We have only touched on the mechanical aspect of reading. There are more advanced questions such as choosing between different strategies to read a book. But with this framework, I am giving you the trunk of the tree. It is up to you to fill up the branches.

Why does reading have to be so complicated? Why can't we simply read naturally? Unfortunately, our brains were not designed to read. And since this ability is not built-in, we need to use what we have to work around that. The concepts presented here make reading slightly more complicated, but they also help remove the barriers that keep you from proper reading. Which, in turn, makes reading easier! And after gaining some experience with them, they will feel natural, too.

The first time I stumbled upon speed reading was in high school. But the materials I studied contained too much mumbo-jumbo for my taste. Also, trying their techniques rapidly reduced my rate of comprehension, which was very discouraging. I put the topic aside and came back to it only many years later.

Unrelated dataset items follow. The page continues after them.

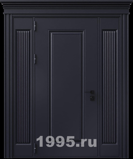 Стальная термодверь с металлофиленкой, вставками по бокам, карнизом и порошковым покрытием RAL 7016 (тип №2)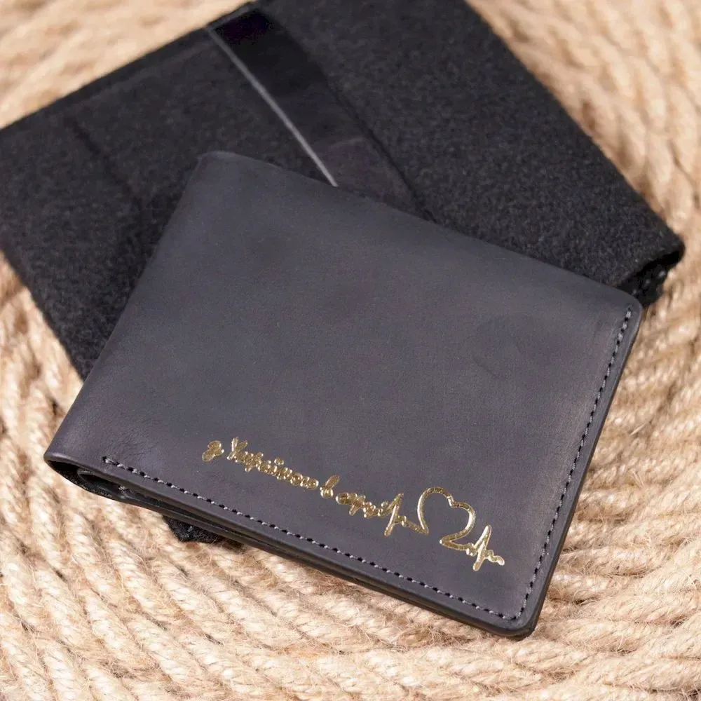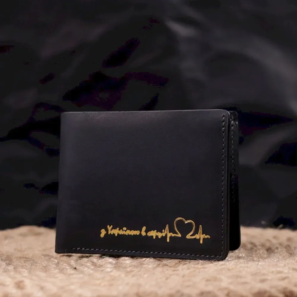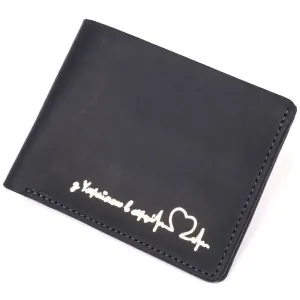 Кожаный надежный кошелек черного цвета , c патриотической надписью “З Україною в сердці”. Изделие пошито из качественной винтажной кожи, с високими показателями износостойкости . Портмоне имеет одно большое отделение для купюр всех номиналов, а также достаточное количество отделений для карт, без застежки. Кожаный кошелек станет отличным подарком на все случаи жизни.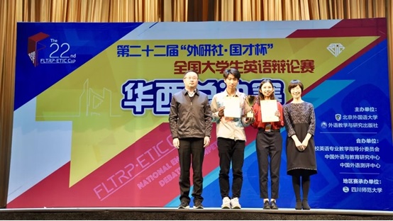 3月30日至3月31日,第二十二届“外研社·国才杯”全国老员工英语辩论赛华西地区总决赛在四川师范大学(成龙校区)拉开帷幕。来自公司哲学与政府管理公司2015级法学专业李中和美、历史文化公司2017级念海史学实验班赵珩沣,及指导老师best365王艳辉老师赴成都参赛。

After some reflection, I finally understood the key ideas behind good reading and started applying them. This was the first time that I was truly satisfied with how I read.

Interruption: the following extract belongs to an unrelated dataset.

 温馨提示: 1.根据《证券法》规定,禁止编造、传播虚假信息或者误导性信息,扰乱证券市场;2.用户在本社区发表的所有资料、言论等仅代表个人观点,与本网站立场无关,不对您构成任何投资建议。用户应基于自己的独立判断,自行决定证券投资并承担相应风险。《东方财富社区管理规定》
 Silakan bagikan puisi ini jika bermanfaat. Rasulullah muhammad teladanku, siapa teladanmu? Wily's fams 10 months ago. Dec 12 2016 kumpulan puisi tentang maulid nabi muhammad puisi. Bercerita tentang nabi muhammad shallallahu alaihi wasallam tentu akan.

I hope the ideas in this guide are as useful to you as they were to me.


  1. I am stating such obvious facts because many books I have read on this topic don't. ↩︎

  2. This is analogous to the vim or emacs editors. Like proper reading, it takes some effort to learn them. But eventually, they help you to get rid of mechanical tasks (such as moving the cursor) that interrupt the writing process. Once you are are proficient in them, they allow you to type at the speed of thought. ↩︎

  3. This may also be a gross oversimplification since voice reading is helpful for full comprehension, which is clearly about information. ↩︎

  4. I intentionally refer to accuracy and not comprehension, as it is possible to comprehend something that is inaccurate. ↩︎

  5. I am aware that this is very technical, but in my experience, it is these small technical details that can ruin one's reading experience. ↩︎

New Comment
6 comments, sorted by Click to highlight new comments since:

I experimented with some of these techniques for a while but found much bigger gains from improving my information searching, filtering, and skimming (random and structured sampling rules of thumb) heuristics.

Can you describe these heuristics and the type of content you used them on?

This is a good start: https://lifehacker.com/five-steps-that-make-it-easier-to-skim-through-non-fict-1758111229


Skimming a much larger volume of material with fewer commitments to a 'full stack read' (reading with note taking and later iterated summarization) allows one to more easily identify top quality information.

This takes on a higher level view of reading than I was intending to cover here. But nevertheless, this is a valuable resource. It reminds me of Adler's How to Read a Book.

I really appreciated this for the insight that I can't read faster than I can think (this is so obvious in hindsight it's hard to believe I hadn't previously considered it!). This gives good context for why I can't seem to read faster than between 200 and 250 wpm while both reading everything and applying all the techniques I've been taught. That I'm only just now learning this despite dabbling over the years at speeding up my reading is surprising to me, but as you say that seems to be because everyone is focused on fragmented reading and maybe is incentivized to ignore limits to give people what they want.

Thank you for your kind comment. This is why I wrote this!